Beside me a pinecone falls and rolls to the edge of the dock, where the land meets the wood. And a small spry chipmunk darts out to find the new source of food. She looks questioningly at me, and at her food. Me. Food. Me. Food. I must appear harmless enough as she chooses the food and begins breaking apart the pinecone, collecting what she finds delicious and necessary for her survival. I watch in fascination as she harvests and strips the pinecone in only the way a chipmunk could. I slowly sip my coffee understanding that I am enjoying my coffee as much as she is enjoying her pinecone.

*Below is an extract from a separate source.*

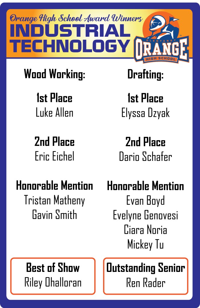 To see past work, look within the galleries at the top of the page you will find artwork, woodwork, architecture, and drafting from students at Orange Middle School and Orange High School, grades 6-12.

Above me, in the pine tree that overhangs the dock, I can hear chatter. At first I think that there are mice in the tree, and as I look up slowly, so as not to disturb my friends the turtle and the chipmunk, I realize that the conversation that I am now privy to is between two red headed woodpeckers. A sound I have not heard a bird make before. I imagine they are discussing the potential of food within the bark of this particular tree, and they must have agreed it fruitful as they both began, one above the other, hammering their beaks against the bark in a furious way. The knocking sound reflected their determination and also their instinct as they work together collecting what nature is providing. I sip again, in gratitude for the awareness that anything is possible when we follow our inner guidance.
As I look around at my panoramic view of the lake that only I have access to, I realize that I am the outsider, the witness to all the nature around me and I am humbled by natures acceptance of me. I notice the Great Blue Heron on the water’s edge across the lake. The frog on the lily pad to my left, the random small splashes of fish and frogs and turtle surfacing, the chickadees and nuthatches bustling in the branches above me, the ravens above circling the sky and even the spider that crawls from the cracks in the dock. My friend the turtle still lays basking in the sun, and my friend the chipmunk busy away with her pinecone, and the pair of woodpeckers still busy working the bark in the tree above. And I sip away, content with the flow and the beauty of this very moment.
As I marvel at the wonder of it all, the wind shifts. As if to signal that the show is over. The ripples on the lake distort the pristine reflection, and the clouds begin to travel across the sky, covering the sun momentarily. My turtle friend slips into the water, and my chipmunk friend scurries off with the pinecone in her mouth. The woodpeckers take flight and I am reminded of how quickly things change. As I sip my last sip of warm coffee, I am washed with a feeling of peace and quiet an although there is a faint hum of cottage traffic in the distance, I have a sense that this kind of acute awareness, is around us always. It is in our disconnect that we simply miss it.
I am aware that my cup of coffee this morning was mindful. It was meaningful. It was magical. It was more than a cup of coffee. It was made of a blend and comprised of moments that I will not soon forget. Even as I write this, I wonder how can I make every coffee this peaceful?